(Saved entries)
== Segment start ==

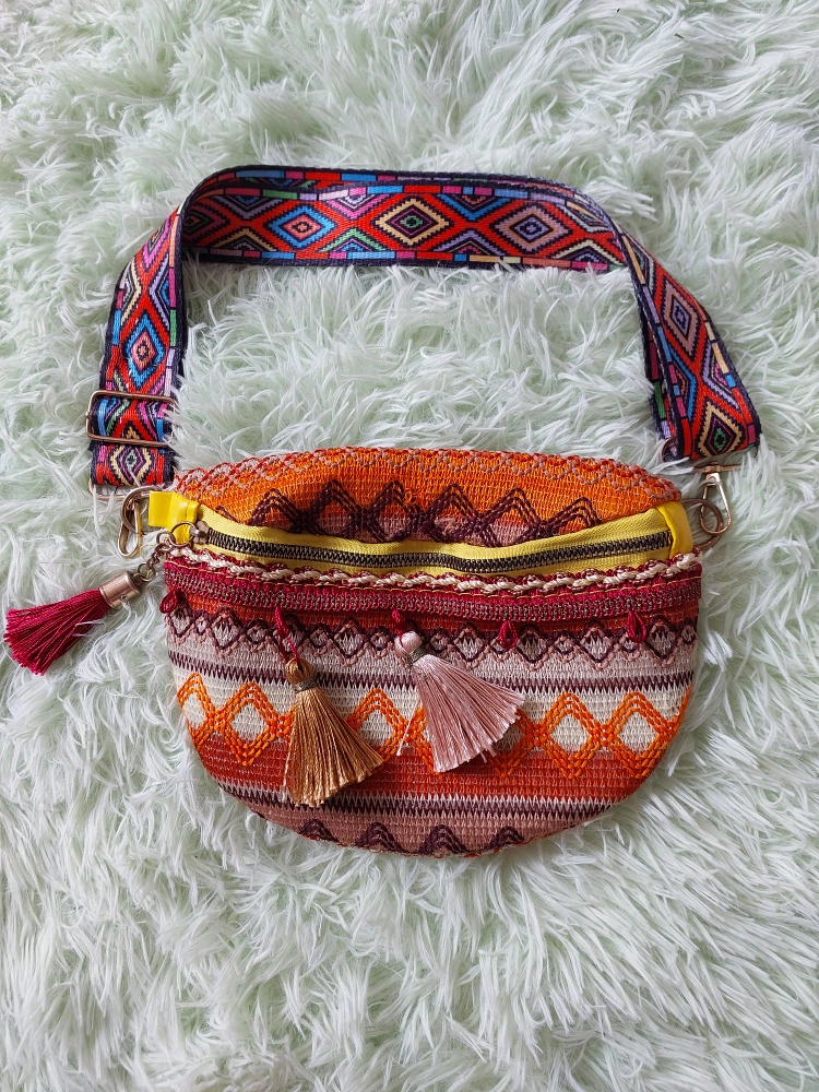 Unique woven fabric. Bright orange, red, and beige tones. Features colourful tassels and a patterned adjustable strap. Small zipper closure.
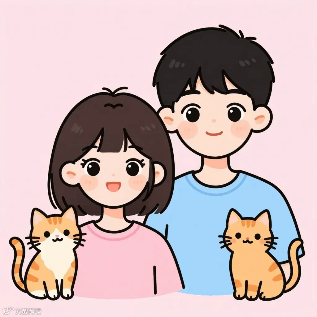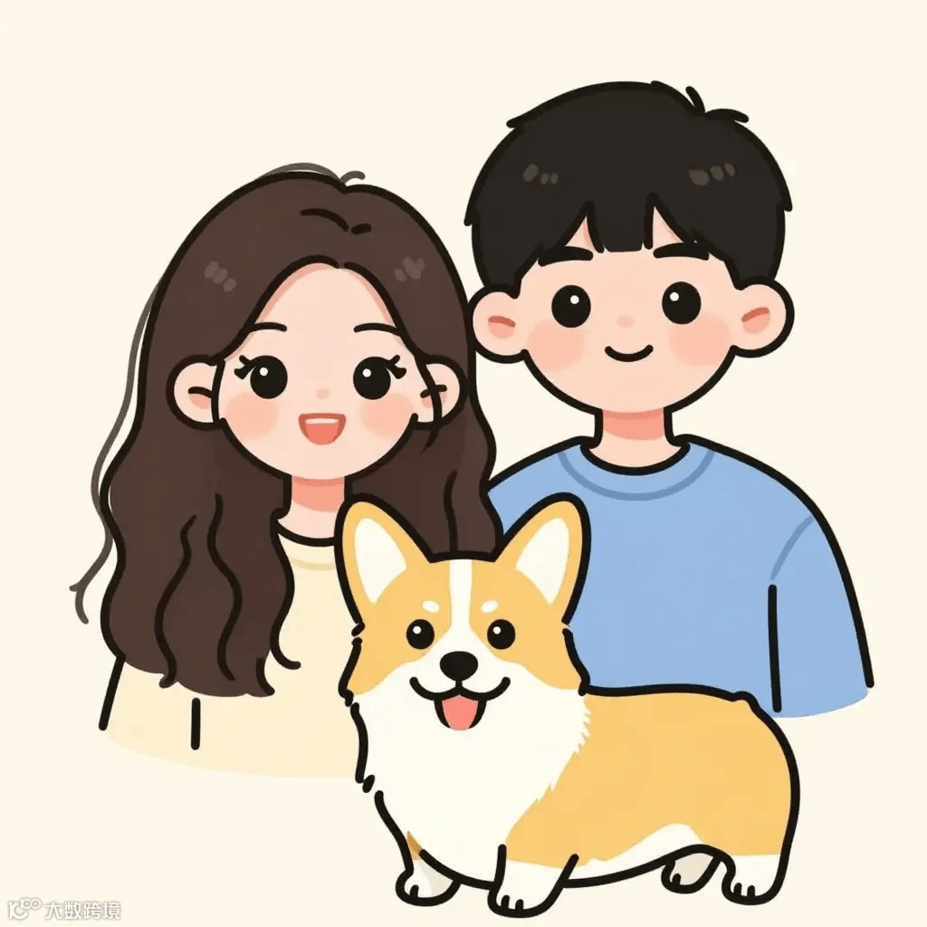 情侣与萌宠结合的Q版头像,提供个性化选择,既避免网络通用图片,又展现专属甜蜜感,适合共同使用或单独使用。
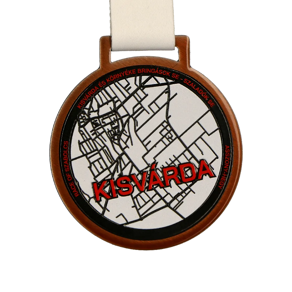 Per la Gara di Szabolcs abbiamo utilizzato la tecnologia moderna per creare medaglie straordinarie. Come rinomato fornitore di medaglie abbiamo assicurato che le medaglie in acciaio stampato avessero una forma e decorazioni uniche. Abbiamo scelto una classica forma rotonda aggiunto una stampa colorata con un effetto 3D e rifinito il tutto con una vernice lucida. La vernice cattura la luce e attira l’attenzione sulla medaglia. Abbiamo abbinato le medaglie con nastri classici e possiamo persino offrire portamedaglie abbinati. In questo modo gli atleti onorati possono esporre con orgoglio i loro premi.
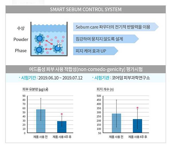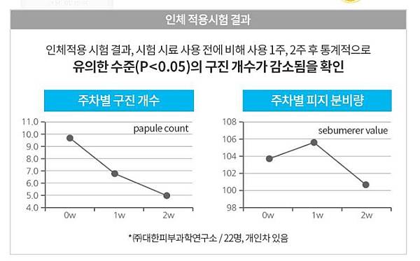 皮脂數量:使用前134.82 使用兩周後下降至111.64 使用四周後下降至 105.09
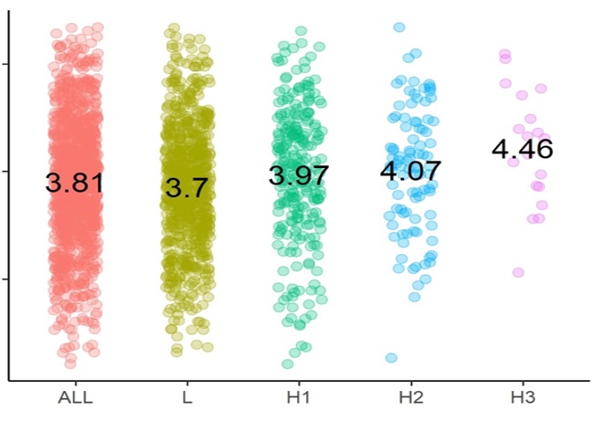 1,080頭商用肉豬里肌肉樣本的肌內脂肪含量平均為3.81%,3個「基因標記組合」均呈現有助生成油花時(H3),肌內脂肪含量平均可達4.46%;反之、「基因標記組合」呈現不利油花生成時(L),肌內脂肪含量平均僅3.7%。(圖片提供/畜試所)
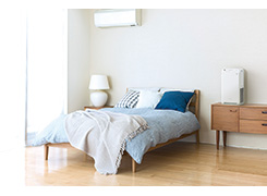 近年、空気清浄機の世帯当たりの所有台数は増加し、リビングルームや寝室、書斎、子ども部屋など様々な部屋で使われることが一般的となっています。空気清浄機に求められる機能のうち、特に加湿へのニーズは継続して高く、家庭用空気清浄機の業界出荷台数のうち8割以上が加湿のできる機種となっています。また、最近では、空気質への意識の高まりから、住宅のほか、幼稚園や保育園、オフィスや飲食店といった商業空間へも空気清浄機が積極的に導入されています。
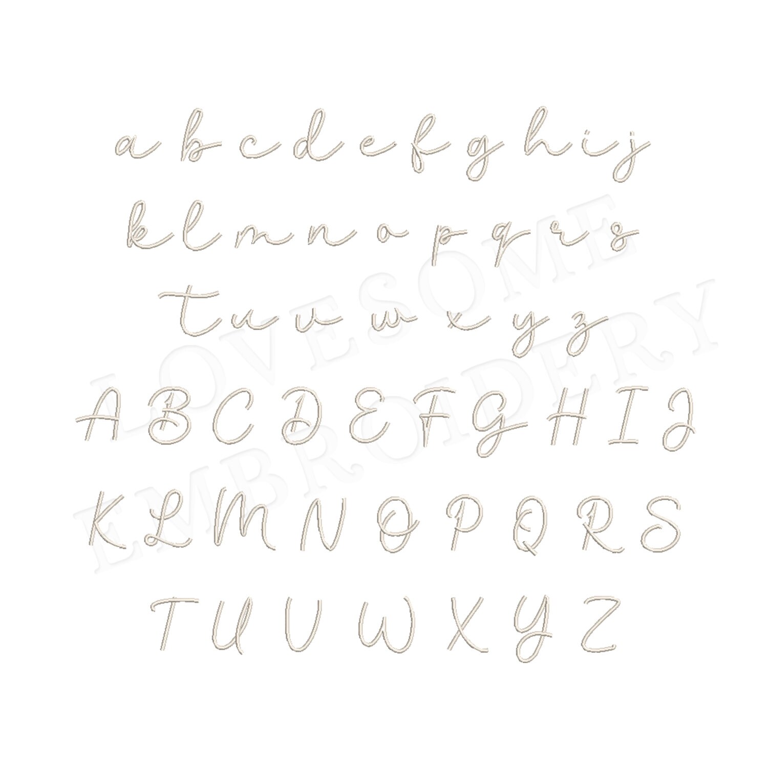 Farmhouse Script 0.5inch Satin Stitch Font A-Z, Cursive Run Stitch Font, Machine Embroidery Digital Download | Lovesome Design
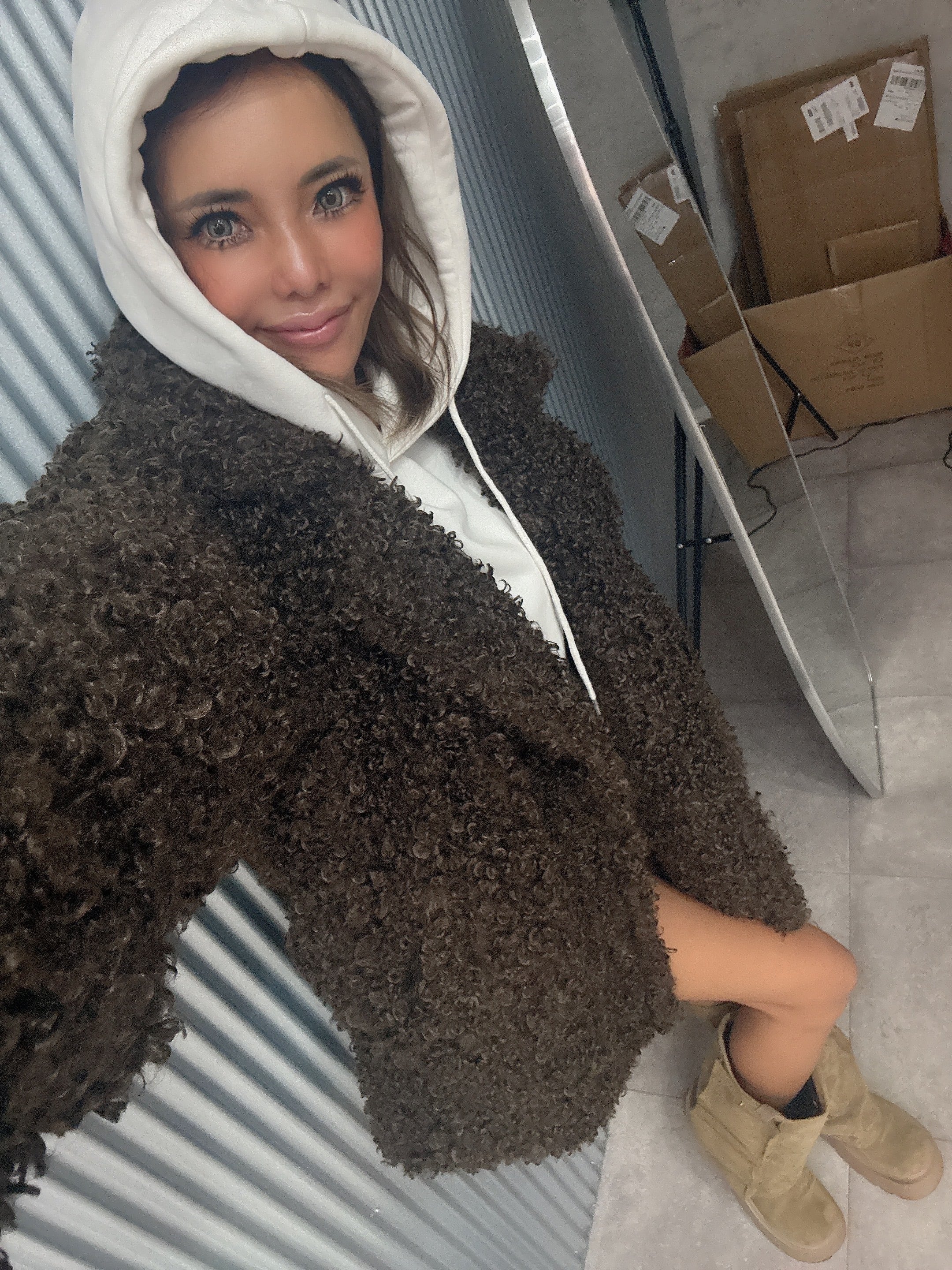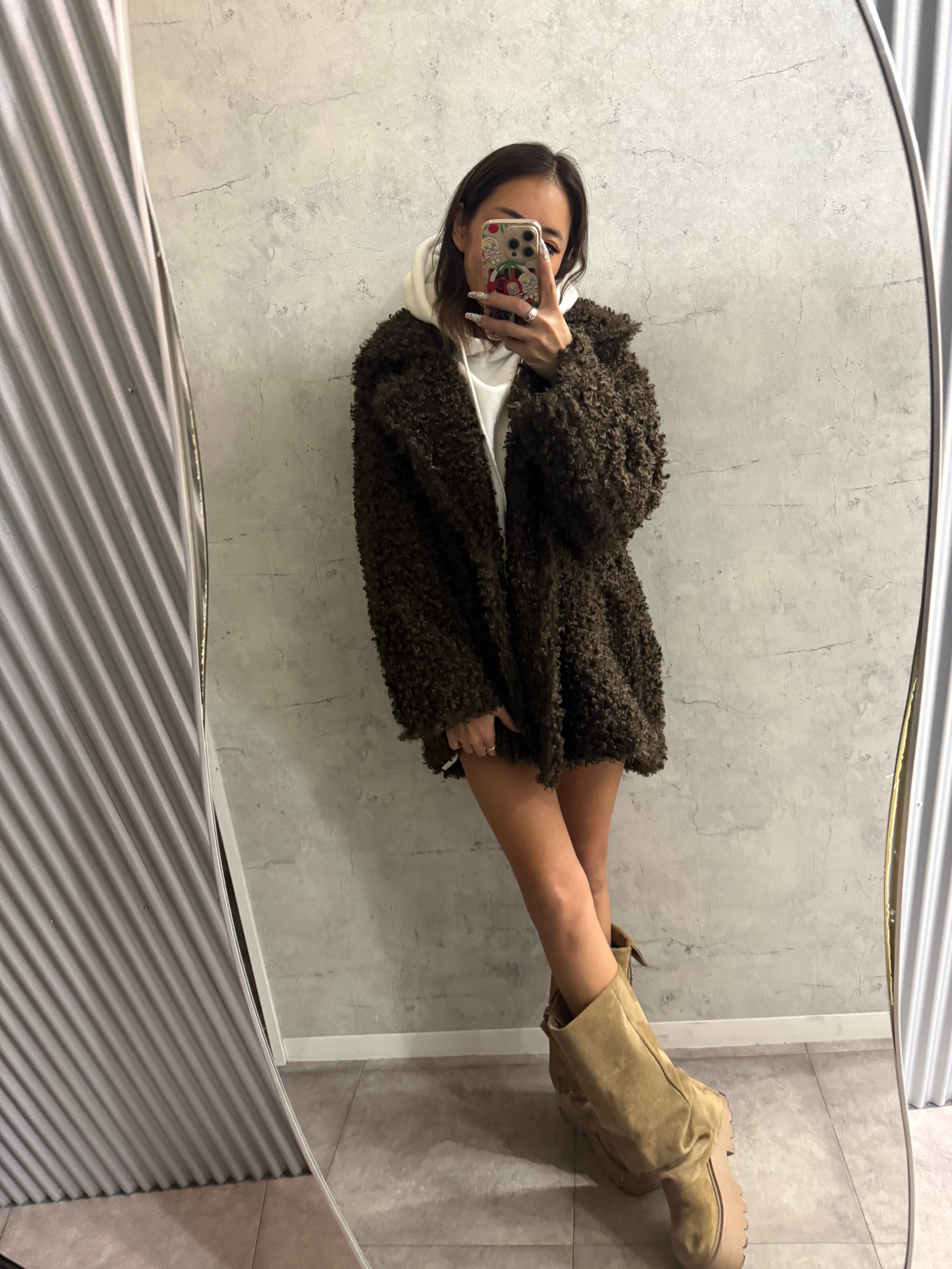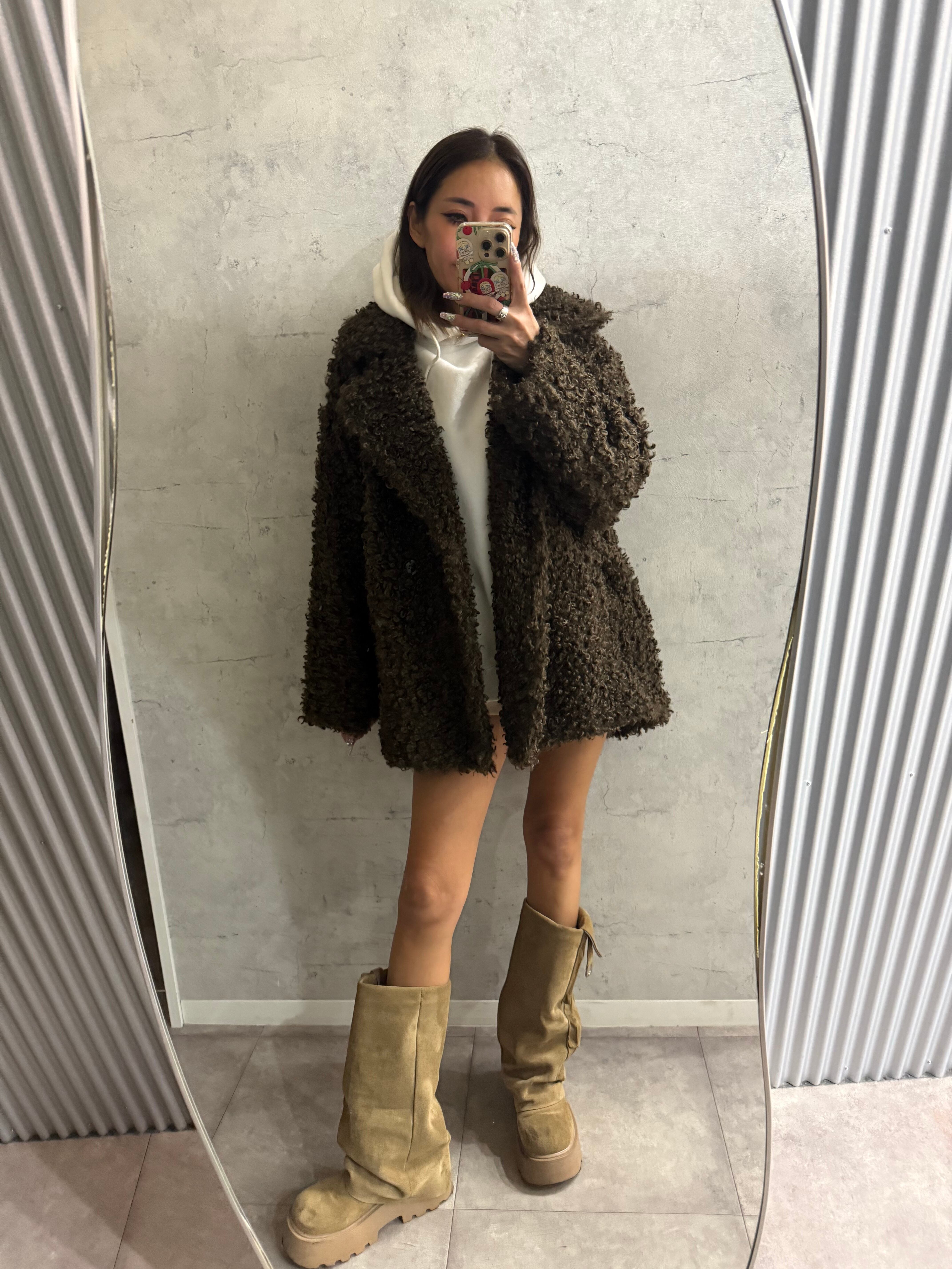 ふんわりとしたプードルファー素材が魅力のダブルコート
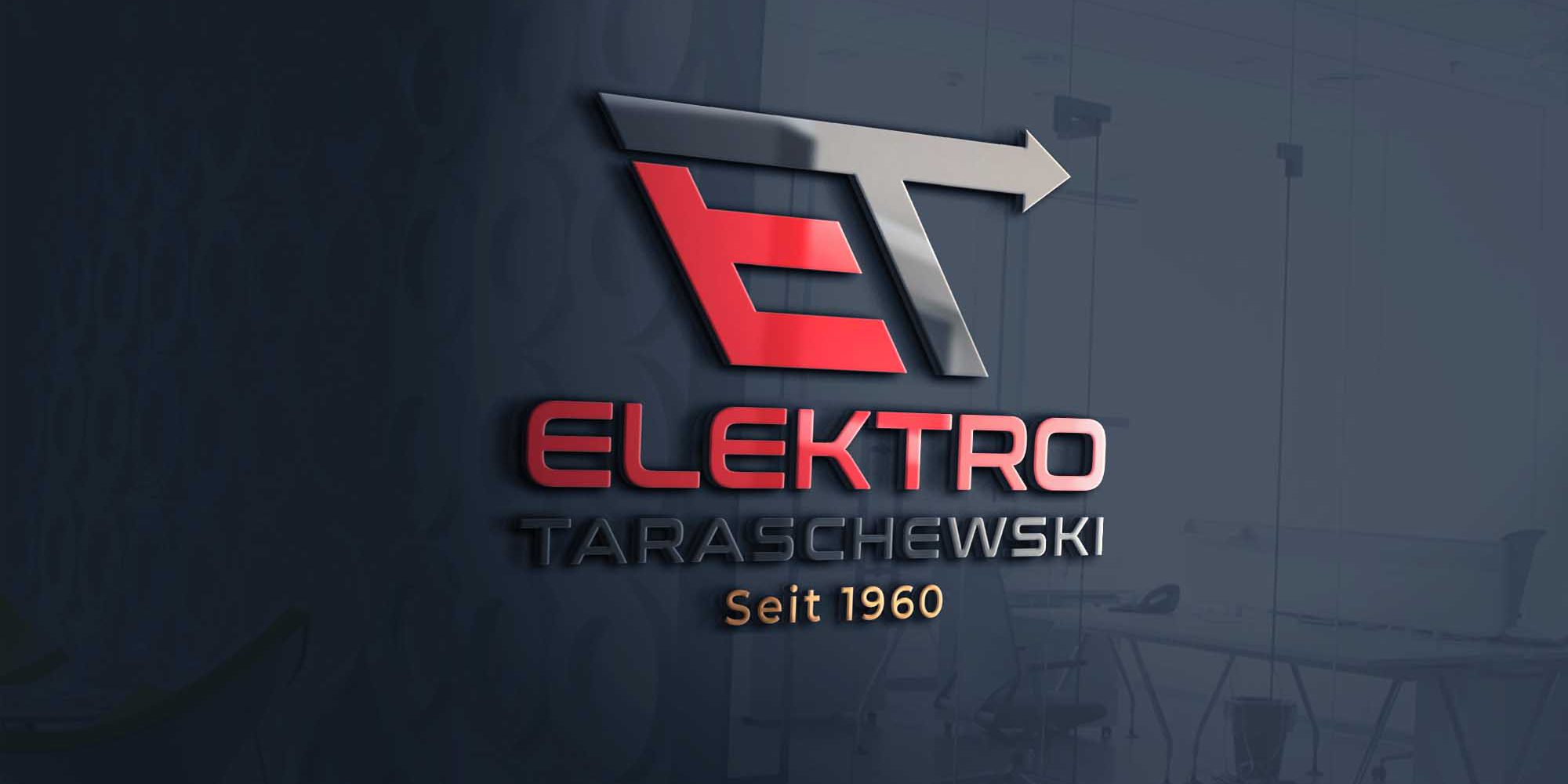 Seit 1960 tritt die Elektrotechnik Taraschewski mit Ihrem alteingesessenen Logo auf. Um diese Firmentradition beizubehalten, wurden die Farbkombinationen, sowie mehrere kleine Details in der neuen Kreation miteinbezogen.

== Segment end ==

- [Work instruction] Print the records above verbatim, minus any pictures.

- [Answer to this exercise]
 Unique woven fabric. Bright orange, red, and beige tones. Features colourful tassels and a patterned adjustable strap. Small zipper closure.
 情侣与萌宠结合的Q版头像,提供个性化选择,既避免网络通用图片,又展现专属甜蜜感,适合共同使用或单独使用。
 Per la Gara di Szabolcs abbiamo utilizzato la tecnologia moderna per creare medaglie straordinarie. Come rinomato fornitore di medaglie abbiamo assicurato che le medaglie in acciaio stampato avessero una forma e decorazioni uniche. Abbiamo scelto una classica forma rotonda aggiunto una stampa colorata con un effetto 3D e rifinito il tutto con una vernice lucida. La vernice cattura la luce e attira l’attenzione sulla medaglia. Abbiamo abbinato le medaglie con nastri classici e possiamo persino offrire portamedaglie abbinati. In questo modo gli atleti onorati possono esporre con orgoglio i loro premi.
 皮脂數量:使用前134.82 使用兩周後下降至111.64 使用四周後下降至 105.09
 1,080頭商用肉豬里肌肉樣本的肌內脂肪含量平均為3.81%,3個「基因標記組合」均呈現有助生成油花時(H3),肌內脂肪含量平均可達4.46%;反之、「基因標記組合」呈現不利油花生成時(L),肌內脂肪含量平均僅3.7%。(圖片提供/畜試所)
 近年、空気清浄機の世帯当たりの所有台数は増加し、リビングルームや寝室、書斎、子ども部屋など様々な部屋で使われることが一般的となっています。空気清浄機に求められる機能のうち、特に加湿へのニーズは継続して高く、家庭用空気清浄機の業界出荷台数のうち8割以上が加湿のできる機種となっています。また、最近では、空気質への意識の高まりから、住宅のほか、幼稚園や保育園、オフィスや飲食店といった商業空間へも空気清浄機が積極的に導入されています。
 Farmhouse Script 0.5inch Satin Stitch Font A-Z, Cursive Run Stitch Font, Machine Embroidery Digital Download | Lovesome Design
 ふんわりとしたプードルファー素材が魅力のダブルコート
 Seit 1960 tritt die Elektrotechnik Taraschewski mit Ihrem alteingesessenen Logo auf. Um diese Firmentradition beizubehalten, wurden die Farbkombinationen, sowie mehrere kleine Details in der neuen Kreation miteinbezogen.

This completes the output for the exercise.